§ **GOAL OF THE EXERCISE**
Only some lines are wanted: please transcribe exactly those from the one containing "16 juli Sommarresa" through the end of the data, pictures excluded.

§ **PROVIDED MATERIAL**

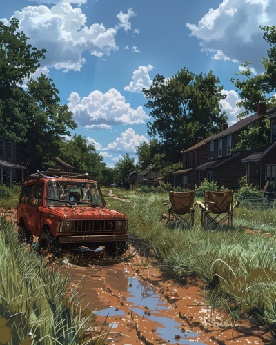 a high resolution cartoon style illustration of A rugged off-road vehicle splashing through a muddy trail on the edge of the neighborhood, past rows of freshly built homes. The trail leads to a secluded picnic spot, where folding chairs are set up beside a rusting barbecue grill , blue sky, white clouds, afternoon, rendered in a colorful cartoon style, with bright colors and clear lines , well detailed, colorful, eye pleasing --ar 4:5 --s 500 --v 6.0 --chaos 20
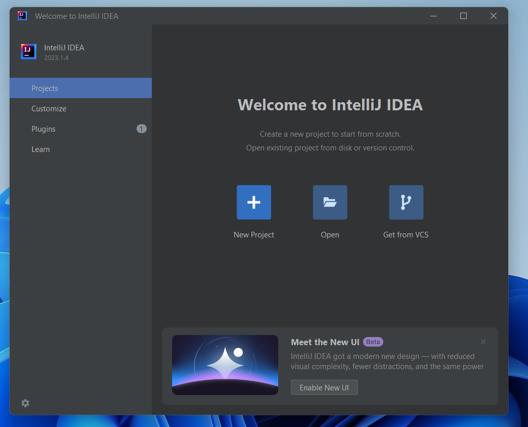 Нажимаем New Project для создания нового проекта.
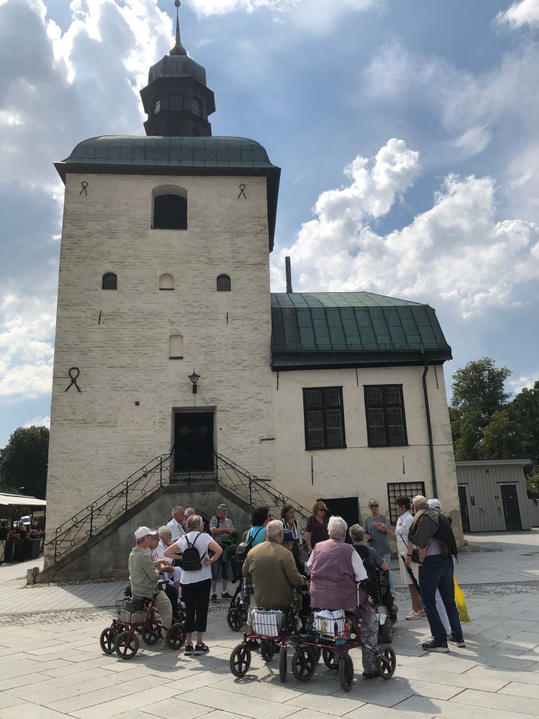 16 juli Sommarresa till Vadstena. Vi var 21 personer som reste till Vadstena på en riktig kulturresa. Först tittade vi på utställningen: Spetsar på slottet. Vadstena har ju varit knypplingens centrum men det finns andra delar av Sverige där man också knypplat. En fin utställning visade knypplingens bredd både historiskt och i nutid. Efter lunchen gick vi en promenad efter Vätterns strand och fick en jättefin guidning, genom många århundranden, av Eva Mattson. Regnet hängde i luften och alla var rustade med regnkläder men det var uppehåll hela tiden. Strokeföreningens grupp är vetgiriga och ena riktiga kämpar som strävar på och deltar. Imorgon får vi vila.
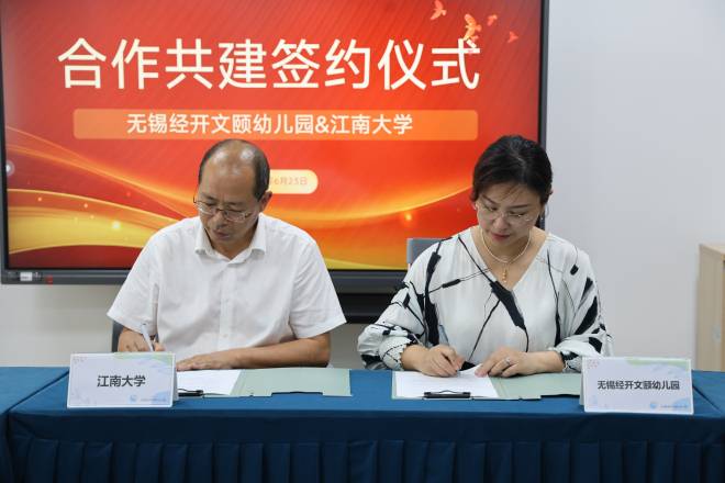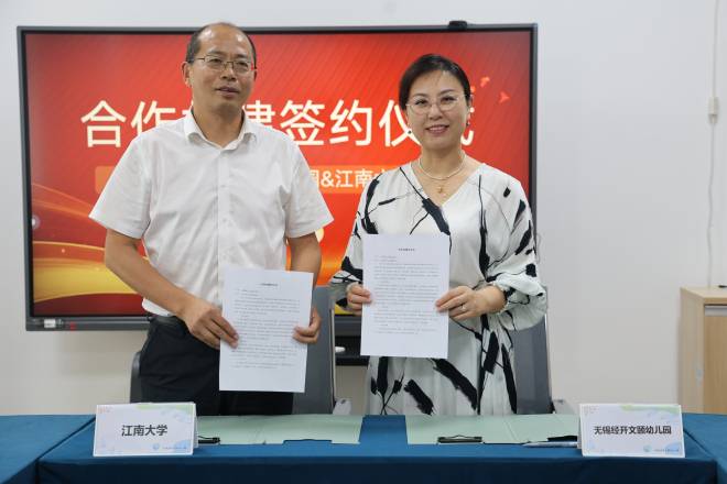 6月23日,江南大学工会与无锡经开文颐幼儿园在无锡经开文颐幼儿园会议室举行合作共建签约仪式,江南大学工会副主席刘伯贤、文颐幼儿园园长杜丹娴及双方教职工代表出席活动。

§ **YOUR SOLUTION**
 16 juli Sommarresa till Vadstena. Vi var 21 personer som reste till Vadstena på en riktig kulturresa. Först tittade vi på utställningen: Spetsar på slottet. Vadstena har ju varit knypplingens centrum men det finns andra delar av Sverige där man också knypplat. En fin utställning visade knypplingens bredd både historiskt och i nutid. Efter lunchen gick vi en promenad efter Vätterns strand och fick en jättefin guidning, genom många århundranden, av Eva Mattson. Regnet hängde i luften och alla var rustade med regnkläder men det var uppehåll hela tiden. Strokeföreningens grupp är vetgiriga och ena riktiga kämpar som strävar på och deltar. Imorgon får vi vila.
 6月23日,江南大学工会与无锡经开文颐幼儿园在无锡经开文颐幼儿园会议室举行合作共建签约仪式,江南大学工会副主席刘伯贤、文颐幼儿园园长杜丹娴及双方教职工代表出席活动。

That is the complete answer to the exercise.